Free Tier Rate Limits
On the free tier, you get access to all models with these general limits (as of mid-2026):
| Model | Requests/Day | Tokens/Minute |
|---|---|---|
| GPT-OSS 20B | ~1,000 RPD | ~6,000 TPM |
| GPT-OSS 120B | ~1,000 RPD | ~6,000 TPM |
| Qwen3.6 27B | ~1,000 RPD | ~6,000 TPM |
| Whisper Large v3 | ~2,000 RPD | — |
This is more than enough to prototype, learn, and build small applications. The free tier's only constraints are rate limits — you get full access to production-quality models.

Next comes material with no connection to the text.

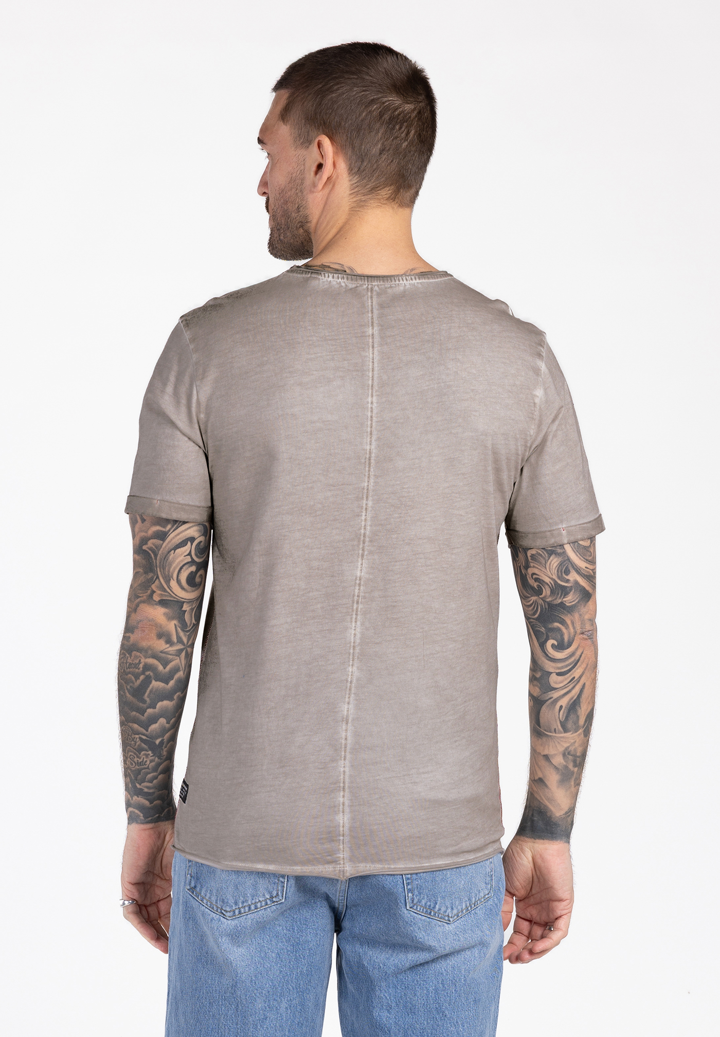 Der gewollte Used-Washed-Effekt verleiht dem Shirt einen authentischen Vintage-Charakter,

⚠️ Note: Groq regularly updates its model lineup. Always check console.groq.com/docs/models for the current list. As of June 2026, Groq deprecated
llama-3.1-8b-instantandllama-3.3-70b-versatilein favor of the GPT-OSS model family.
Setting Up
Step 1: Create a Groq Account Go to console.groq.com and sign up. No credit card required.
Step 2: Get your API Key Navigate to API Keys in the console and create a new key. Copy it — you won't see it again.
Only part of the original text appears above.